Her prophecies resulted in a millenarian belief that culminated in the Xhosa cattle-killing and famine of 1856–1857, in what is now Eastern Cape, South Africa.
Nongqawuse was born in 1841 near the Gxarha River in independent Xhosaland but close to the border of the recently established colony of British Kaffraria in Eastern Cape South Africa.
According to historian Jeffrey B. Peires, Nongqawuse stated in a deposition that "Mhlakaza was my uncle ... my father's name Umhlanhla of the Kreli tribe.
The orphaned Nongqawuse was raised by her uncle Mhlakaza, who was the son of a councillor of Xhosa King Sarili kaHintsa.
[4] Mhlakaza was a religious man, a Xhosa spiritualist, who left Xhosaland after his mother's death and spent time in the Cape Colony, where he became familiar with Christianity.
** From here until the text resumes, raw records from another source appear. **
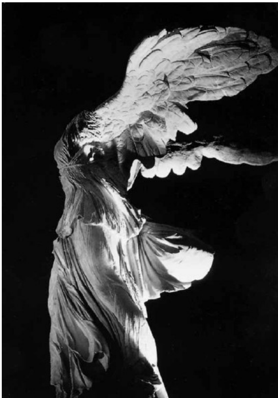
Ника Самофракийская. Ок. 190 г. до н. э. Париж, Лувр

Мы нуждаемся в новой науке, которая не будет служить искусственно созданным интересам и оправдывать насилие. Нам нужно новое искусство, которое даст нам возможность снова соединиться с Прекрасным, искусство, основанное не на тоске и беспокойстве, а на подлинном исследовании. Нам нужна новая политика, которая приведет людей к сосуществованию и благородству, а не к столкновениям и безответственному сожительству. И нам нужен новый мир. Но этот мир уже существует – это все та же Вселенная. Это природа. Главное, что нам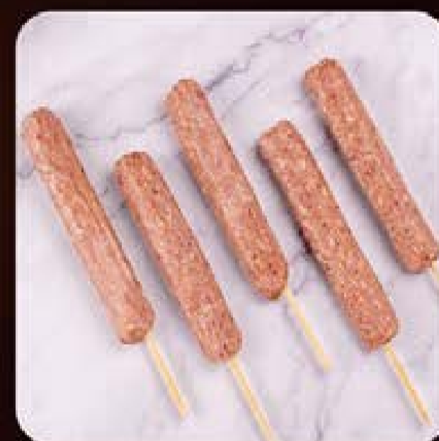
Espetinho de Kafta Swift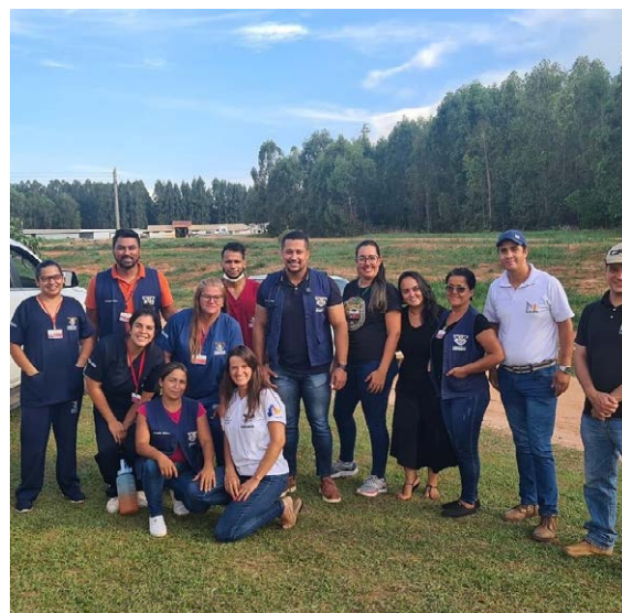
Equipe de trabalho da secretaria de Saúde durante edição do Programa Saúde em Ação na Granja Morro 2 Irmãos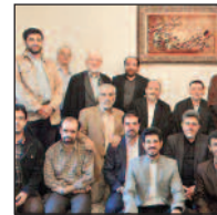
دیدار با پیر غلامان اهل بیت

فصلنامه دعبل - برگزیده مطالب پایگاه اطلاع رسانی دعبل - پیش شماره دوم، تیرماه ۹۵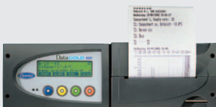
500 R til installation i førerhus.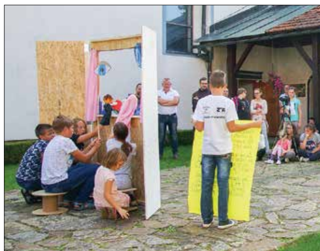
Župnijski dan so sklenili v samostanskem atriju z družabnimi igrami.

govih del. Letos namreč obeležujemo 200 let od smrti prvega slovenskega pesnika, ki je, ko je stopil v frančiškanski red, noviciat opravljal prav v Nazarjah. Vsak zaselek se je predstavil z njegovo pe-

[4] In April 1856, 15-year-old Nongqawuse and her friend Nombanda, who was between the ages of 8 and 10, went to scare birds from her uncle's crops in the fields by the sea at the mouth of the River Gxarha in the present day Wild Coast region of South Africa.
[4] She claimed that the spirits had told her that the Xhosa people should destroy their crops and kill their cattle, the source of their wealth as well as food.
During this time, many Xhosa herds were plagued with "lung sickness",[citation needed] possibly introduced by European cattle.